Watch Out YouTube: Facebook Video Now Has Over A Billion Views A Day

facebookvideo

Facebook just released new stats revealing that their shift to take over the video sphere is working. Since June 2014, Facebook video has averaged 1 billion views a day with over 65% of the views worldwide happening on mobile. In just one year the number of video posts per person has increased 75% globally and 94% in the US.

Facebook is still behind YouTube in traffic – but is quickly catching up. The most recent daily view count YouTube has released (from 2 years ago) is 4 billion daily views. Have they not released new numbers because that number has fallen? YouTube currently boasts over 1 billion unique viewers each month. Contrast that, though, with Facebook’s 1.35 billion monthly users. Granted every YouTube user is viewing a video and every Facebook user may not be. But if Facebook has anything to say about that, they soon will be. Every single one of them.

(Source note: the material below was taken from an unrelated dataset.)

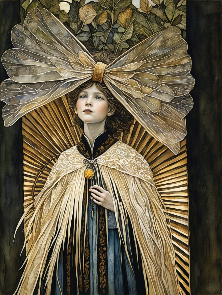 Two young girls stand together in a lush, forested setting. They have long, flowing hair and wear delicate, vintage-style dresses. Their gazes are soft and contemplative, surrounded by nature.

Facebook now displays view counts as well. It’s unclear how long an auto-play video has to be viewed to count towards an official view or if it has to be manually clicked. But many users watch auto-play videos (unclicked, and therefore without sound) within their newsfeed until the end. Facebook encourages advertisers and brands to create videos that are just as informative and entertaining without sound.

What does this mean for musicians? Well, Facebook posted this advice on its blog today:

“The most important thing to remember when creating video for Facebook is that it will be a part of News Feed. As a creator, you should be conscious that people will discover your video in News Feed next to a photo from a friend or a status update from a relative. Your video needs to fit in, and it needs to be something that your audience will want to watch and share.

 

With the launch of auto-play and the surge in mobile use, it’s also important to focus on posting videos that grab people from the first frame of video. Shorter, timely video content tends to do well in News Feed. Keep in mind that auto-play videos play silently in News Feed until someone taps to hear sound, so videos that catch people’s attention even without sound often find success.”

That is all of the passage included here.